Spotlight Center on HIV Prevention Today


PrEP Coverage of 40% Would Prevent One-Third of HIV Infections in U.S. MSM

January 25, 2017

If 40% of U.S. men who have sex with men (MSM) began pre-exposure prophylaxis (PrEP) according to Centers for Disease Control and Prevention (CDC) guidelines and 62% had good PrEP adherence, one-third of expected HIV infections would be prevented over the next decade, a modeling study predicts. In this scenario, 25 MSM would have to use PrEP to prevent one infection.

In randomized controlled trials, PrEP proved effective in preventing HIV infection in MSM, heterosexual women and men, and injection drug users. How well PrEP works in populations outside trials, the CDC researchers note, will depend on clinical indications for PrEP in the region, how many at-risk people adopt PrEP and how well they adhere to the PrEP regimen. The only licensed PrEP regimen today is once-daily oral tenofovir/emtricitabine (Truvada).

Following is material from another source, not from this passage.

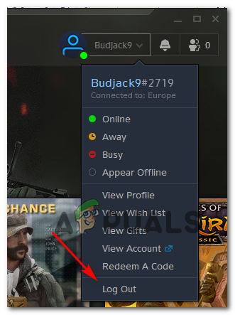 - Open the Battle.Net application. Click the down arrow next to your account name in the top-right corner, then click Log Out.
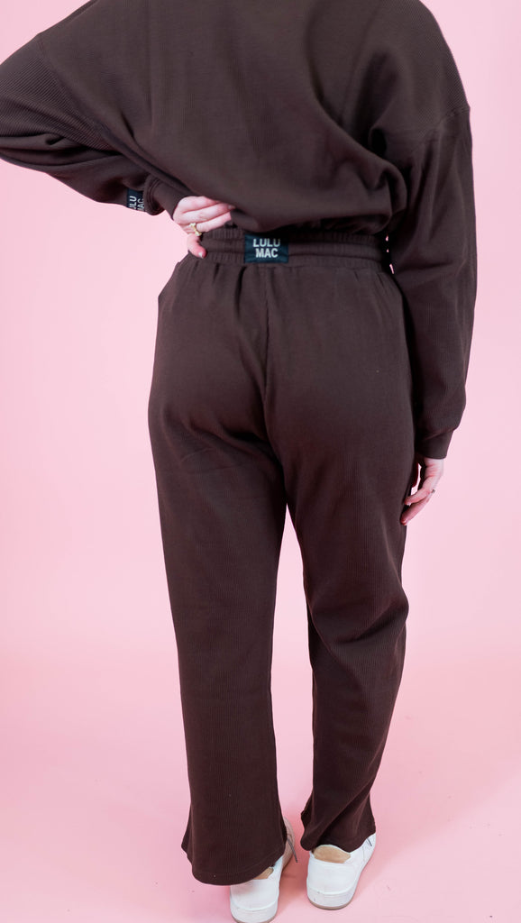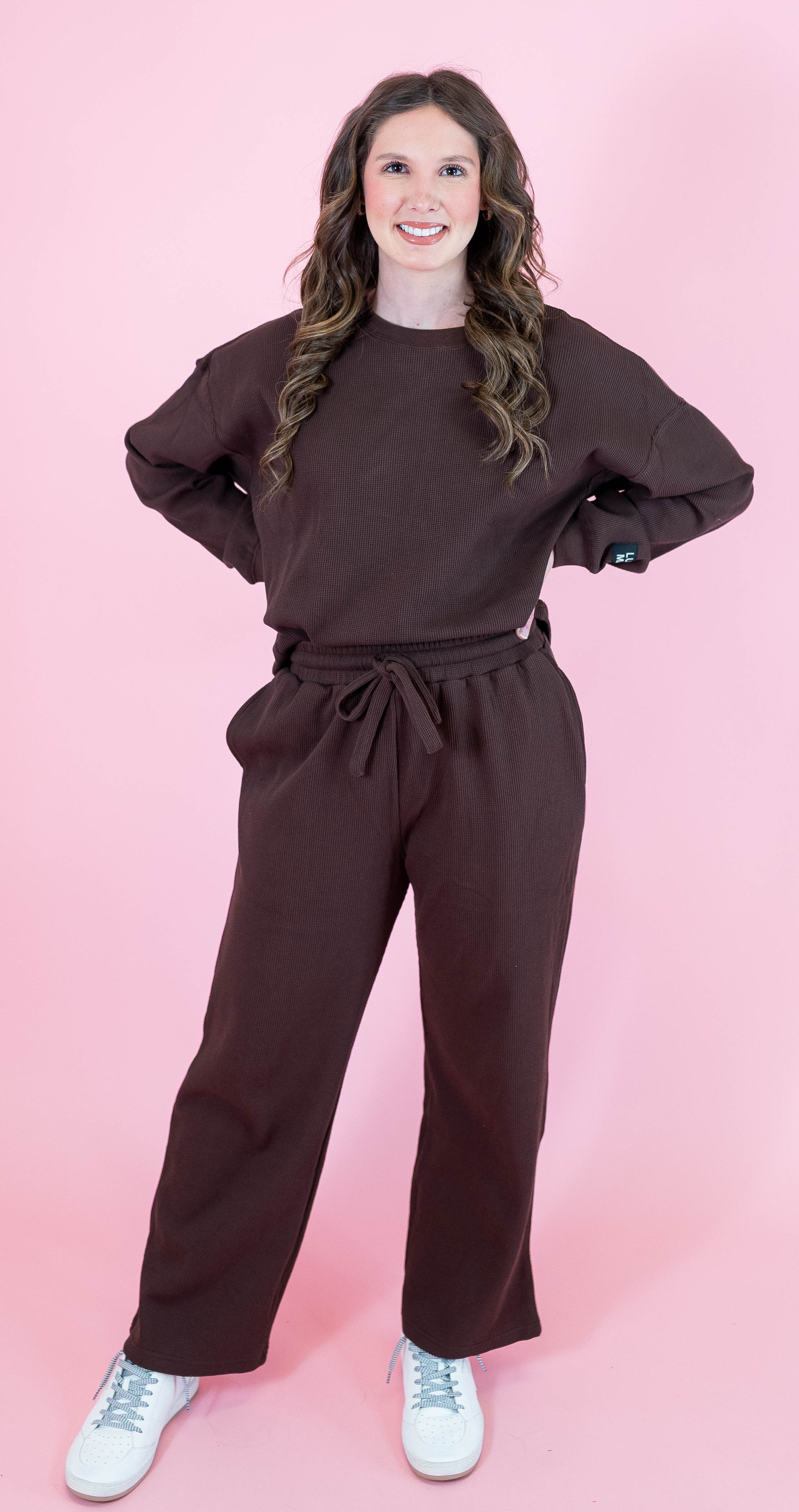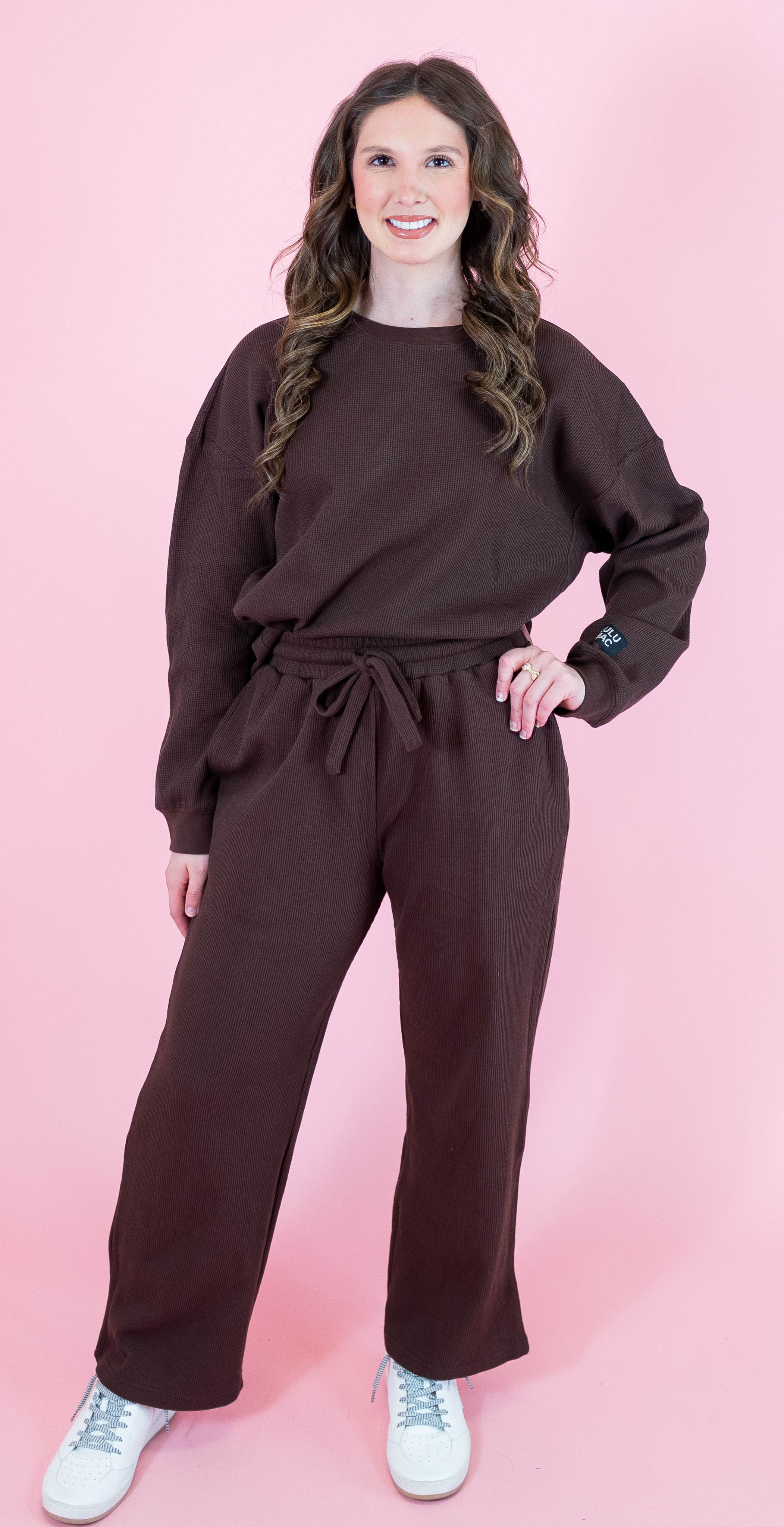 Cozy meets cute in our Waffle Pop Collection! Made from ultra-soft waffle knit fabric (95% Cotton and 5% Spandex), these pants are designed for all-day comfort with a relaxed, wide-leg fit. The ribbed waistband with a functional drawcord gives you the perfect adjustable fit, while pockets (yes, pockets!) add the practicality you’ll love. Pair them with the matching top to complete the coziest set ever.

The CDC supports daily PrEP as part of comprehensive HIV prevention and has issued guidelines for PrEP use. To get a better understanding of the epidemiologic impact of PrEP (percentage of infections averted) and PrEP efficiency (number needed to treat), the CDC team conducted this mathematical modeling analysis.

To estimate PrEP impact, the investigators used a network-based mathematical model of HIV transmission dynamics. The model considered an open population of U.S. MSM who might have three types of partners: main partners, short-term casual partners with repeated contacts and one-time partners. The analysis used the behavioral conditions in the CDC guidelines (all involving anal intercourse with possibly HIV-positive partners) to simulate PrEP eligibility.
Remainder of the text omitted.